Print, exactly and with no pictures, the line containing "Provide us that" and each line after it to the end of the entries below.
○ ○ ○
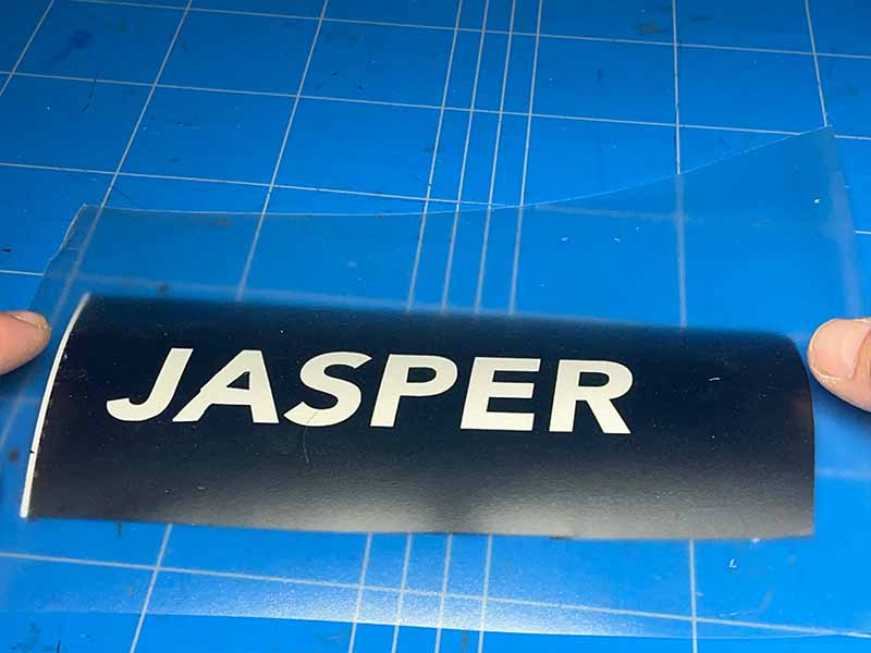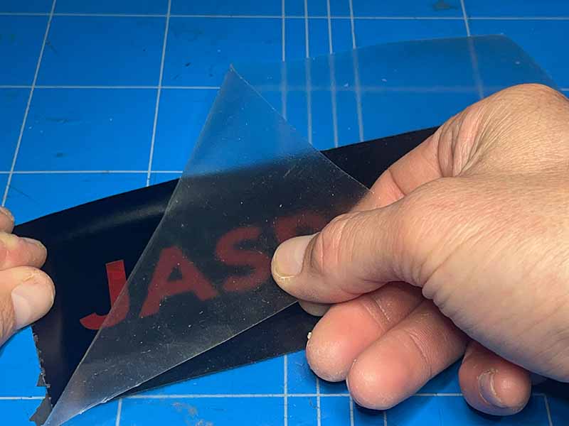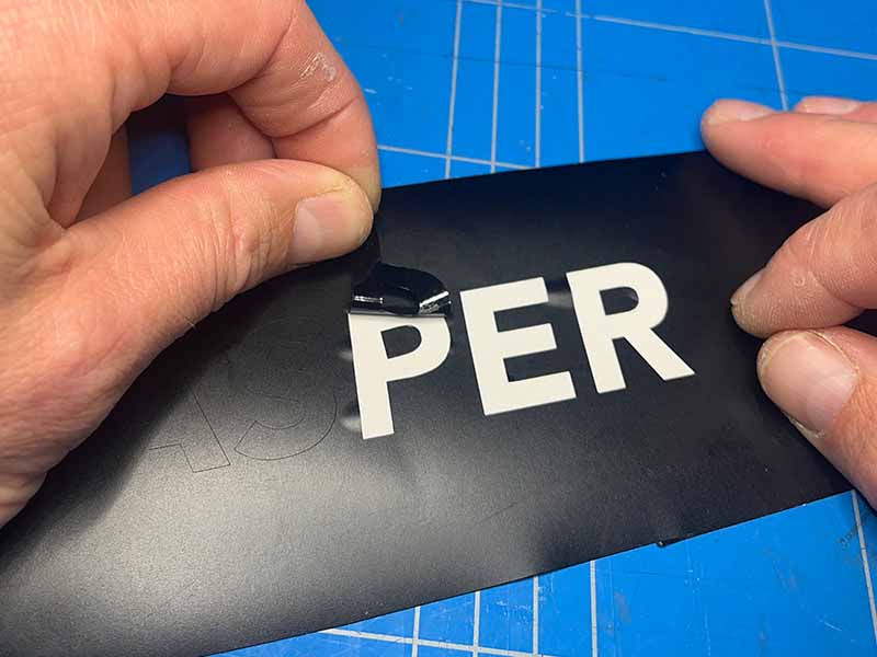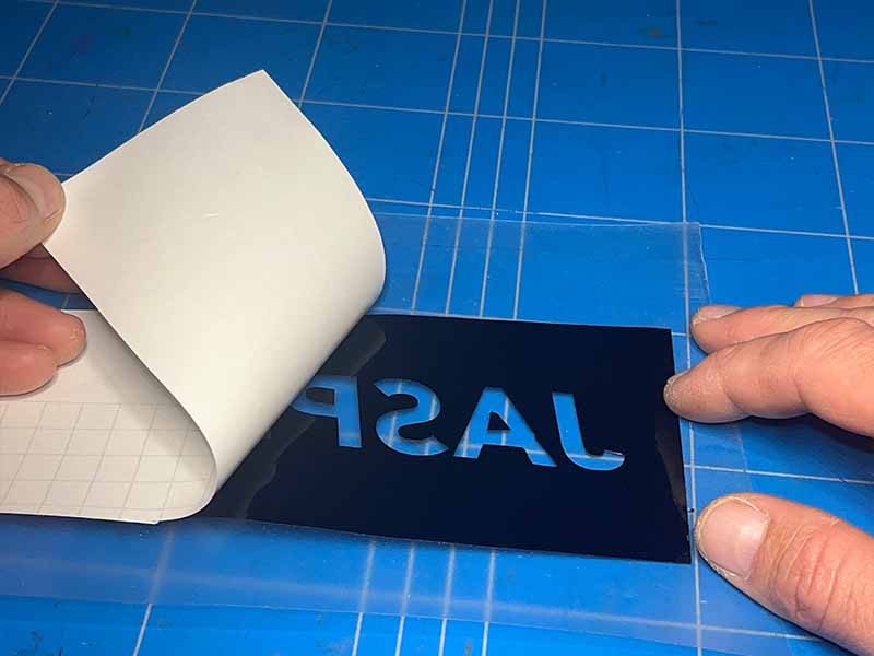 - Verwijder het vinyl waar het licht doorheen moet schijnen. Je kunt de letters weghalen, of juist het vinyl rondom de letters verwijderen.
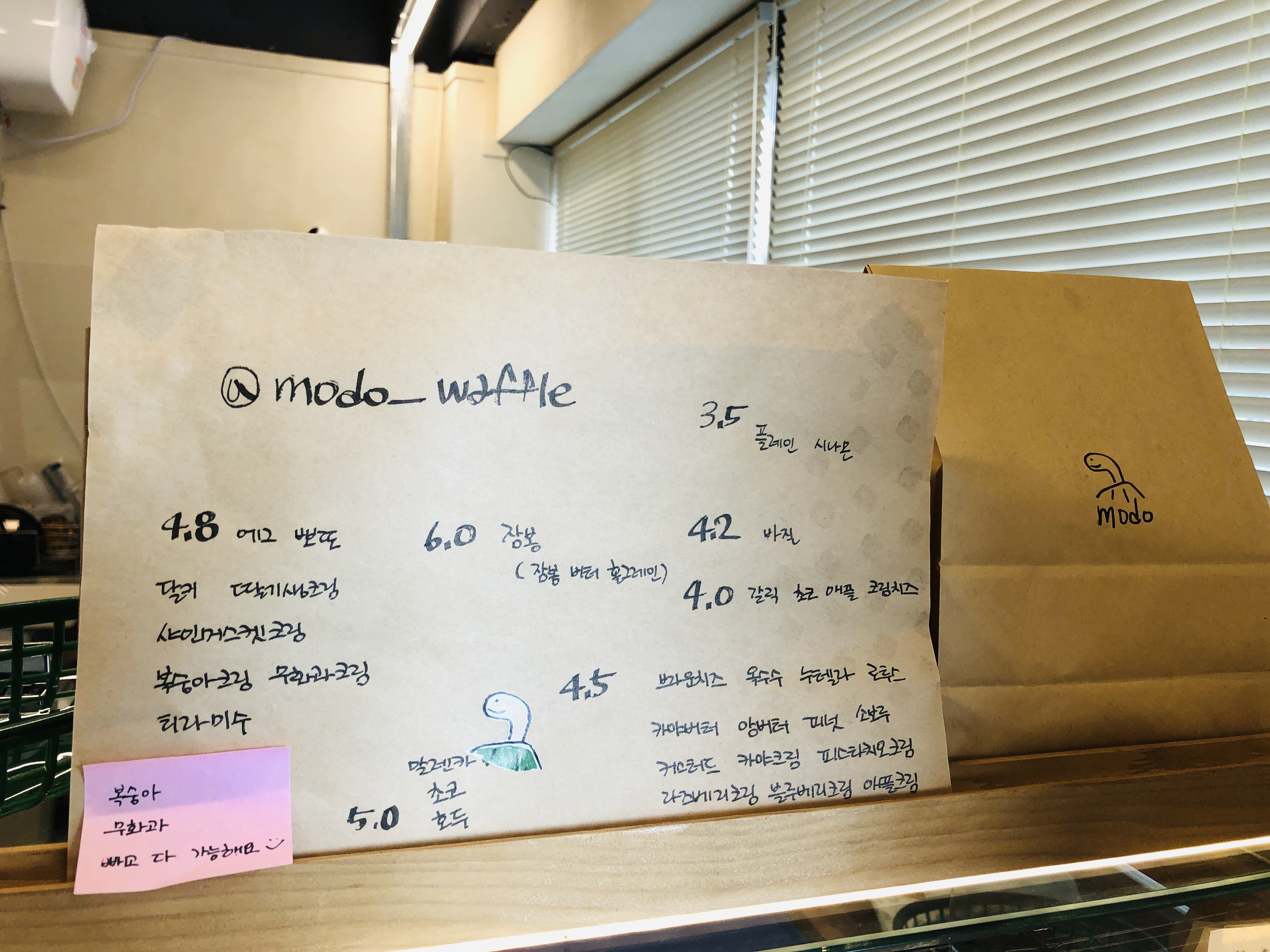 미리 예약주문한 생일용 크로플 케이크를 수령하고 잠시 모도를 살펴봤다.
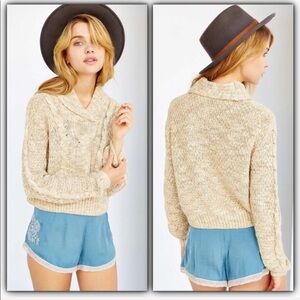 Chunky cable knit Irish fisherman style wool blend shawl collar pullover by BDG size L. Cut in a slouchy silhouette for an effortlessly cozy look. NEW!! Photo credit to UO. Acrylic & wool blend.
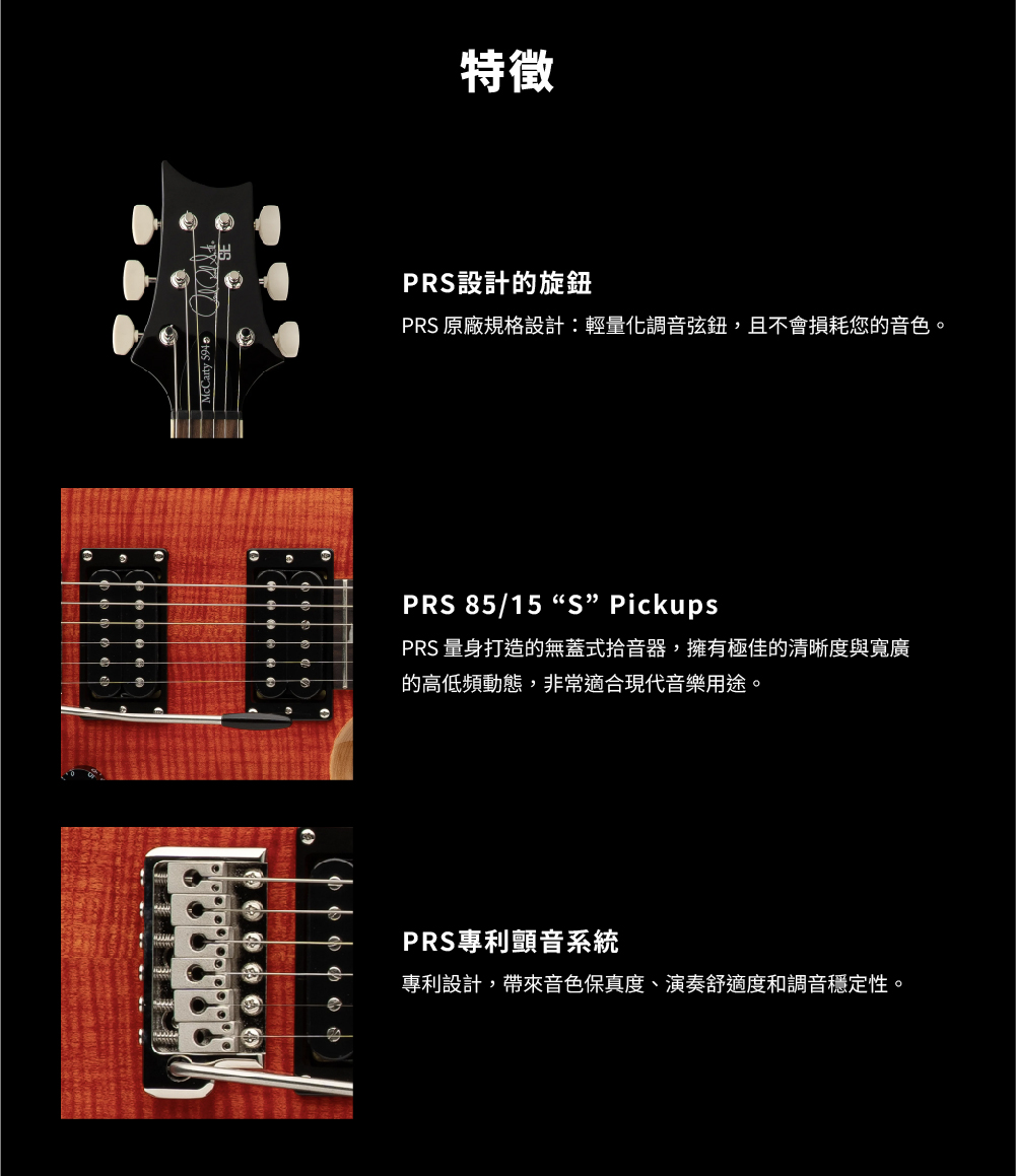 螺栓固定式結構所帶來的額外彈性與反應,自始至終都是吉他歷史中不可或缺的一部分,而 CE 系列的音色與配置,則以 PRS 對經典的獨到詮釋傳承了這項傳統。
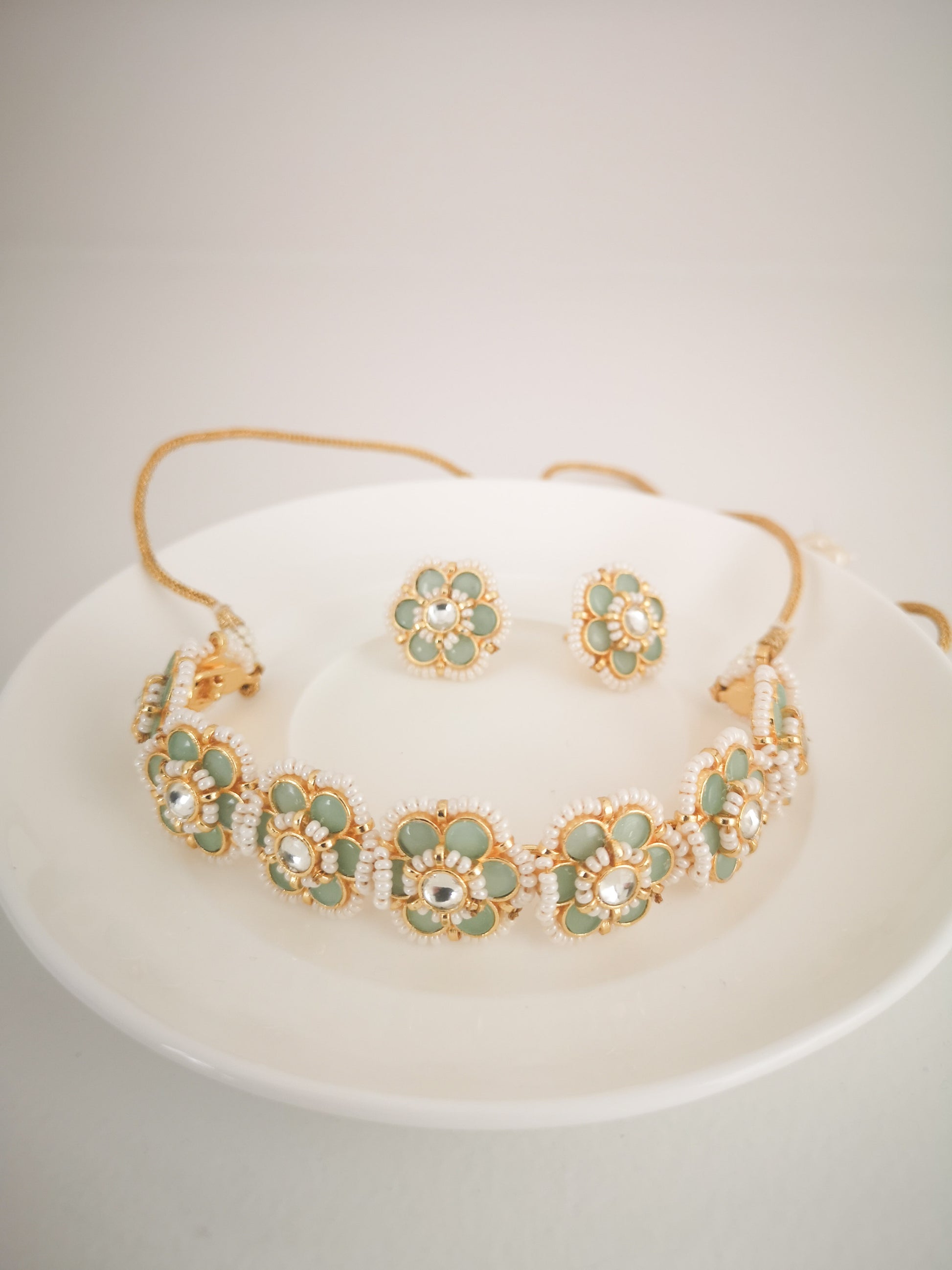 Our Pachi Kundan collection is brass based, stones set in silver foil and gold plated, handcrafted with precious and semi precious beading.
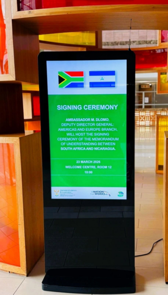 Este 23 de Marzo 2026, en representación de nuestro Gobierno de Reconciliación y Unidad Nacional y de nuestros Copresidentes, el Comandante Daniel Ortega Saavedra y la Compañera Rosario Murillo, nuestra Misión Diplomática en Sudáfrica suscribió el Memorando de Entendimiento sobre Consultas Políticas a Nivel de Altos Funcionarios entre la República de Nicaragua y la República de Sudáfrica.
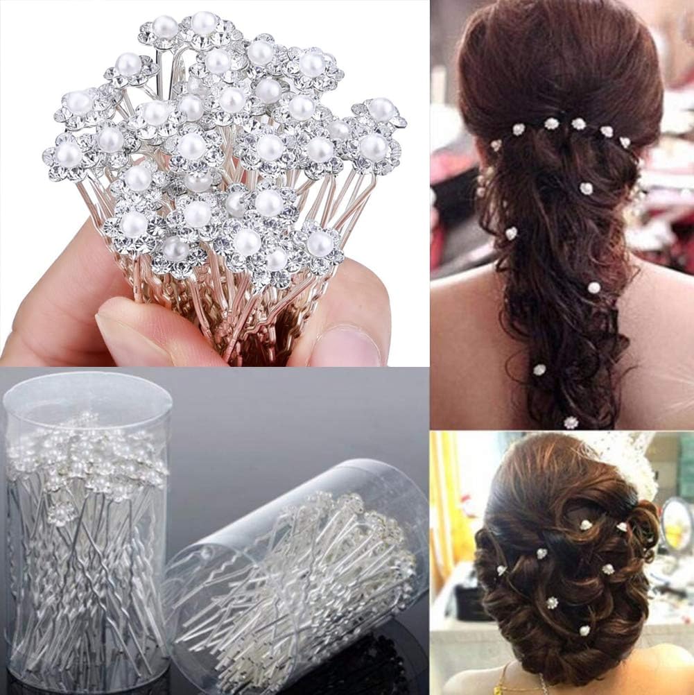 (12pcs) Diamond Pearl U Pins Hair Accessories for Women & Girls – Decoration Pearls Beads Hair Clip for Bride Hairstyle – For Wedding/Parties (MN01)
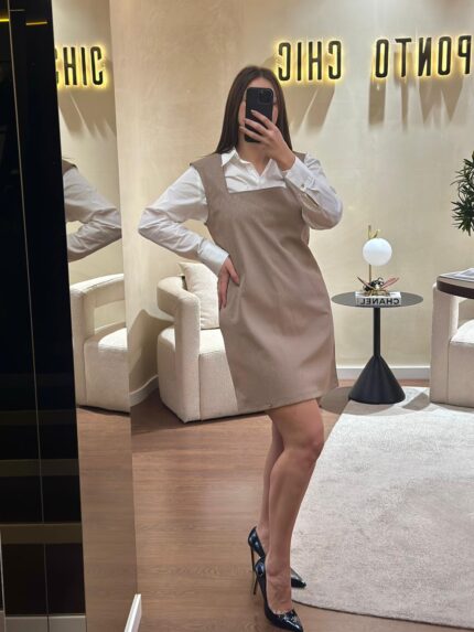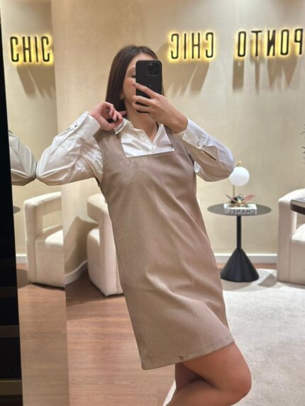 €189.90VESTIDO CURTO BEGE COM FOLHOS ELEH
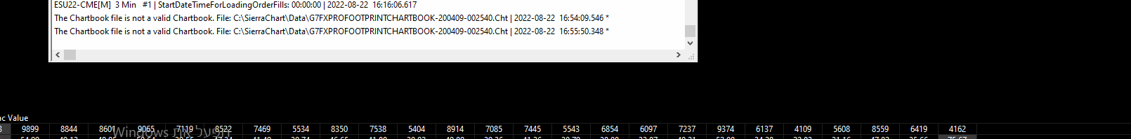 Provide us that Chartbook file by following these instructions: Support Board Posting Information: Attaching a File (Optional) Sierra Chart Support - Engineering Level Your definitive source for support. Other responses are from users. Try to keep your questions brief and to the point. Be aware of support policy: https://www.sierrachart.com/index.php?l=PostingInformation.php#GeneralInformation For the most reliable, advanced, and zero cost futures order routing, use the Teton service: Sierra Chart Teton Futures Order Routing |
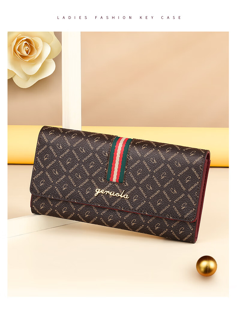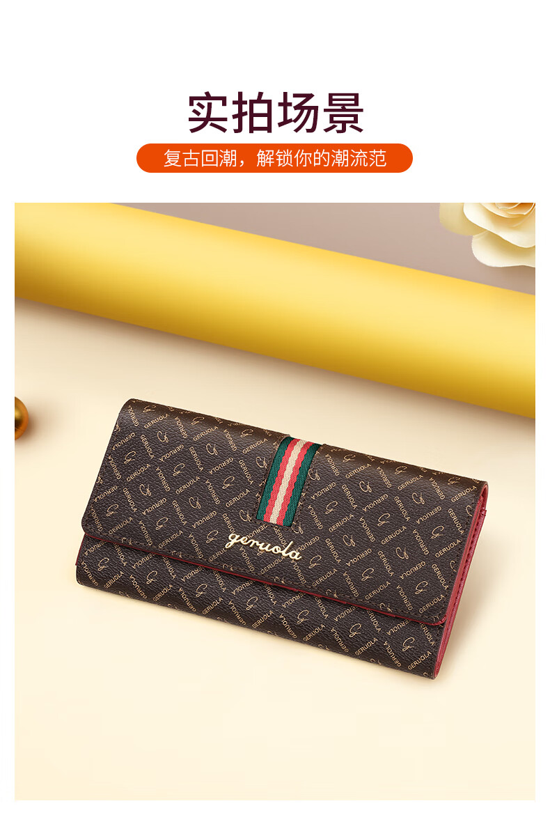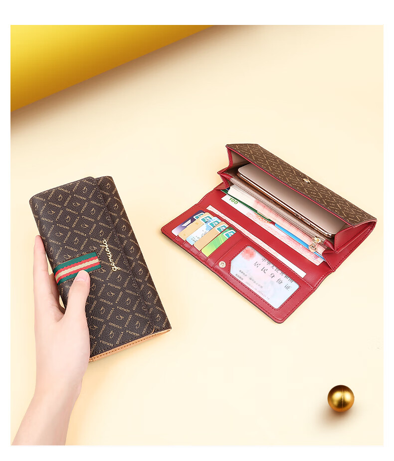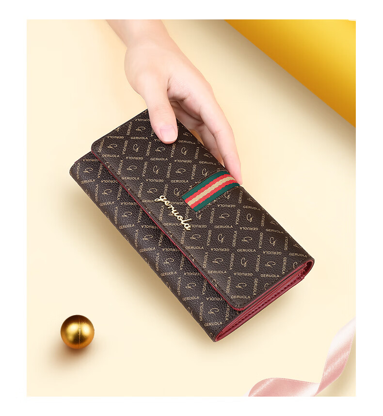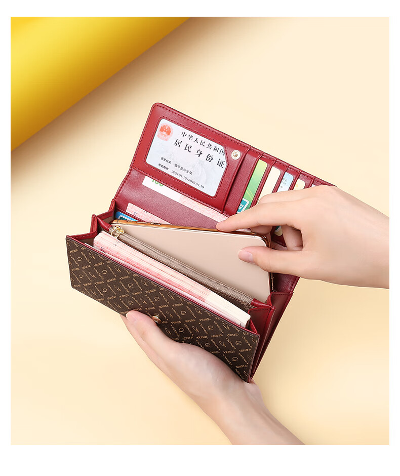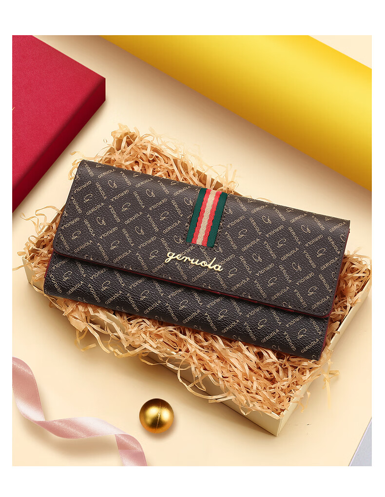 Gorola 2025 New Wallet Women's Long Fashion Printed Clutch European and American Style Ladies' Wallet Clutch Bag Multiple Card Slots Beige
○ ○ ○
Solution:
 Provide us that Chartbook file by following these instructions: Support Board Posting Information: Attaching a File (Optional) Sierra Chart Support - Engineering Level Your definitive source for support. Other responses are from users. Try to keep your questions brief and to the point. Be aware of support policy: https://www.sierrachart.com/index.php?l=PostingInformation.php#GeneralInformation For the most reliable, advanced, and zero cost futures order routing, use the Teton service: Sierra Chart Teton Futures Order Routing |
 Gorola 2025 New Wallet Women's Long Fashion Printed Clutch European and American Style Ladies' Wallet Clutch Bag Multiple Card Slots Beige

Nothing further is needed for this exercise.